● Goal of the exercise
From the line containing "近年來(lái),忻州市錨定" to the final line of the entries, copy each line exactly. Pictures stay out.

● Information given
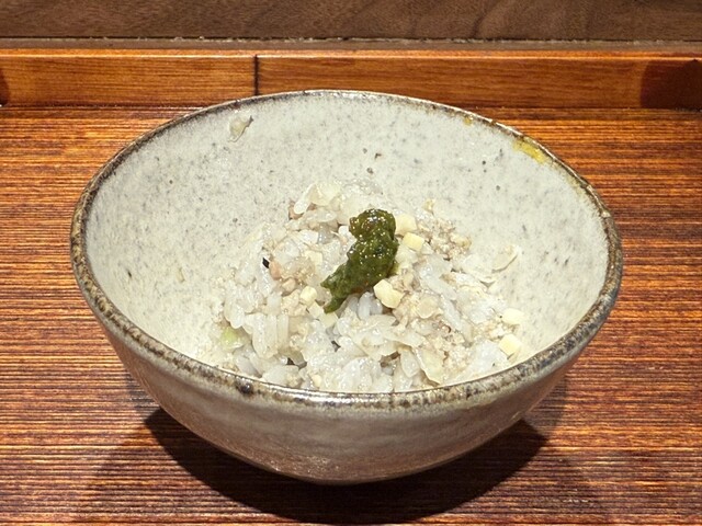 そぼろご飯(玉子がけ、かんずりねぎと新生姜)
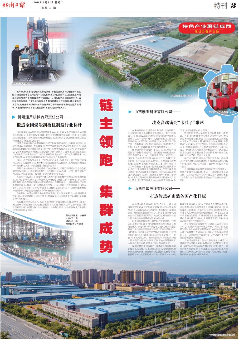 近年來(lái),忻州市錨定煤炭裝備高端化、智能化發(fā)展方向,培育出一批在細(xì)分領(lǐng)域掌握核心技術(shù)的標(biāo)桿企業(yè),以忻通公司、泰寶科技、佳誠(chéng)液壓為代表的煤機(jī)制造產(chǎn)業(yè)鏈集群正在快速崛起。從刮板輸送機(jī)到高端密封件,再到礦用重型裝備,三家企業(yè)分別在各自賽道打破海外技術(shù)壟斷、填補(bǔ)國(guó)內(nèi)技術(shù)空白,構(gòu)建起忻州煤機(jī)裝備產(chǎn)業(yè)鏈從核心部件到成套裝備的完整產(chǎn)業(yè)閉環(huán),為全國(guó)煤炭產(chǎn)業(yè)智能化轉(zhuǎn)型提供了堅(jiān)實(shí)的國(guó)產(chǎn)化支撐。
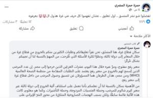يواصل المدعو حمزة المصري العضو في شبكة أفيخاي الإسرائيلية، سلوكياته القذرة والمشبوه بالترويج لدعاية المنسق الإسرائيلي في قطاع غزة وخطط فرض التهجير القسري على القطاع عقب حرب الإبادة الجماعية الإسرائيلية.
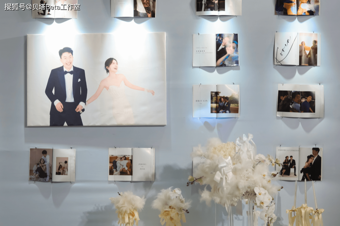 首先是婚礼现场有布置了发非常多两人的合照,有生活的合照,也有之前一起拍摄的照片,当然也少不了这次的婚纱照,都是两人这么多年相处的点点滴滴。
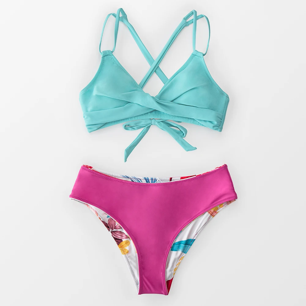 Купальник-Бикини на шнуровке с заниженной талией и цветочным принтом
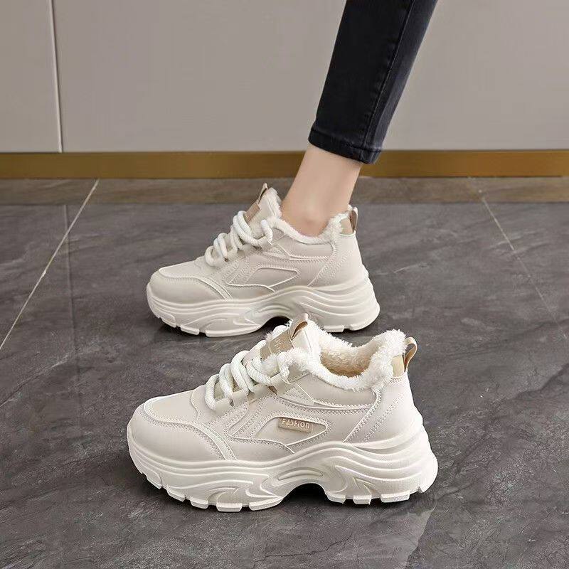 加绒女鞋冬季2025新款老爹鞋厚底增高小白潮鞋爆款运动休闲二棉鞋

● Answer to this problem
 近年來(lái),忻州市錨定煤炭裝備高端化、智能化發(fā)展方向,培育出一批在細(xì)分領(lǐng)域掌握核心技術(shù)的標(biāo)桿企業(yè),以忻通公司、泰寶科技、佳誠(chéng)液壓為代表的煤機(jī)制造產(chǎn)業(yè)鏈集群正在快速崛起。從刮板輸送機(jī)到高端密封件,再到礦用重型裝備,三家企業(yè)分別在各自賽道打破海外技術(shù)壟斷、填補(bǔ)國(guó)內(nèi)技術(shù)空白,構(gòu)建起忻州煤機(jī)裝備產(chǎn)業(yè)鏈從核心部件到成套裝備的完整產(chǎn)業(yè)閉環(huán),為全國(guó)煤炭產(chǎn)業(yè)智能化轉(zhuǎn)型提供了堅(jiān)實(shí)的國(guó)產(chǎn)化支撐。
يواصل المدعو حمزة المصري العضو في شبكة أفيخاي الإسرائيلية، سلوكياته القذرة والمشبوه بالترويج لدعاية المنسق الإسرائيلي في قطاع غزة وخطط فرض التهجير القسري على القطاع عقب حرب الإبادة الجماعية الإسرائيلية.
 首先是婚礼现场有布置了发非常多两人的合照,有生活的合照,也有之前一起拍摄的照片,当然也少不了这次的婚纱照,都是两人这么多年相处的点点滴滴。
 Купальник-Бикини на шнуровке с заниженной талией и цветочным принтом
 加绒女鞋冬季2025新款老爹鞋厚底增高小白潮鞋爆款运动休闲二棉鞋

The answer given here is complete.